Challenged by the increasing sophistication of American bands they inspired (notably the Beach Boys, Byrds, Lovin' Spoonful and others) who stretching the boundaries of pop possibilities (Dylan too of course the Beatles recognised they needed to step up or fold their tent and be brief pop phenomenon.
They chose the former and delivered a collection of songs which roamed effortlessly from jangle pop (Harrison's If I Needed Someone) to intense ballads (Lennon's In My Life), Dylan-meets-exotica (the sitar-enhanced Norwegian Wood), faux-soul (Drive My Car) and much more.
An album like this required a new look on its cover and so Robert Freeman – who had most notably given them the visually striking With the Beatles cover – took a series of shots at Lennon's house in Weybridge.
“We had our new gear on, the polo necks” recalled McCartney later, “and we were doing straight mugshots.”

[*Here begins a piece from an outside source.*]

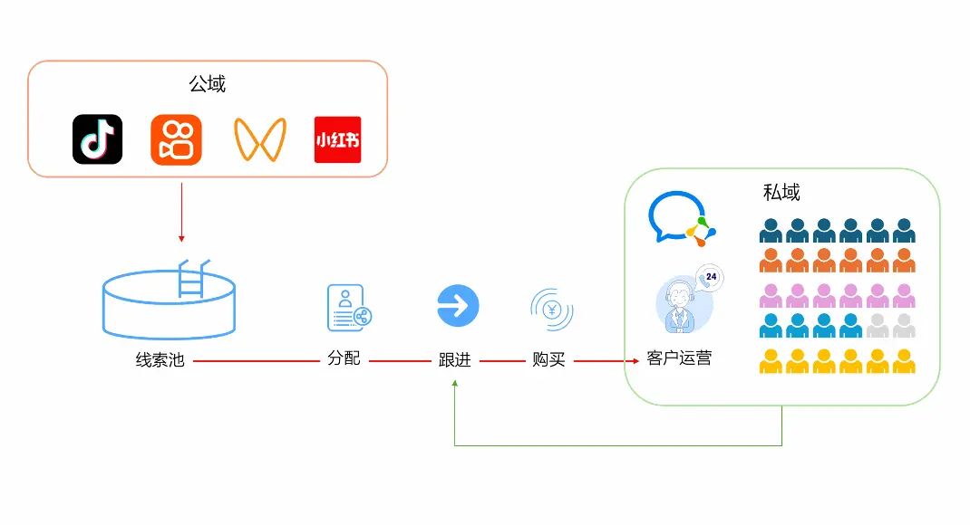 在技术、工具的加持下,进行公域获客和私域运营的全覆盖

Back in London Freeman set up an album-sized piece of cardboard on a chair to project his slides of the session onto, and the cardboard slid to create the elongated faces.

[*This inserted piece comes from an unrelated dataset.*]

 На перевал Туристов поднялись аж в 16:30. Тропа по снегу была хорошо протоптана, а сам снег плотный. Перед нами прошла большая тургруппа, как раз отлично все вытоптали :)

And there was the cover for Rubber Soul.
“I liked the way we got our faces to be longer on the album cover,” Harrison said for the Anthology. “We lost the 'little innocents' tag, the naivety, and Rubber Soul was the first one where we were fully-fledged potheads.”

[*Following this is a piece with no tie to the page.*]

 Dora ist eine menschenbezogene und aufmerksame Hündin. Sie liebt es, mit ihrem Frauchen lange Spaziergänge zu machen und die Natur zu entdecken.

It was the album, along with Revolver of the following year, which turned the Beatles from a pop phenomenon into artists. Those albums were like Volume One and Volume Two said Harrison later.
And as with so many Beatle covers – notably With the Beatles, Revolver and Sgt Pepper – the Rubber Soul cover has been much imitated, parodied and referenced down the decades.
With Matthew Bannister's current revisit and reinterpretation of Rubber Soul in its entirety as Rubber Solo (in an appropriate cover, see below), Elsewhere here offers images of Rubber Soul and others who followed in its wake.
We start with the original shot . . . before that happy accident when it slid sideways.
* Robert Freeman died a week after this article was posted in October 2019, he was 82.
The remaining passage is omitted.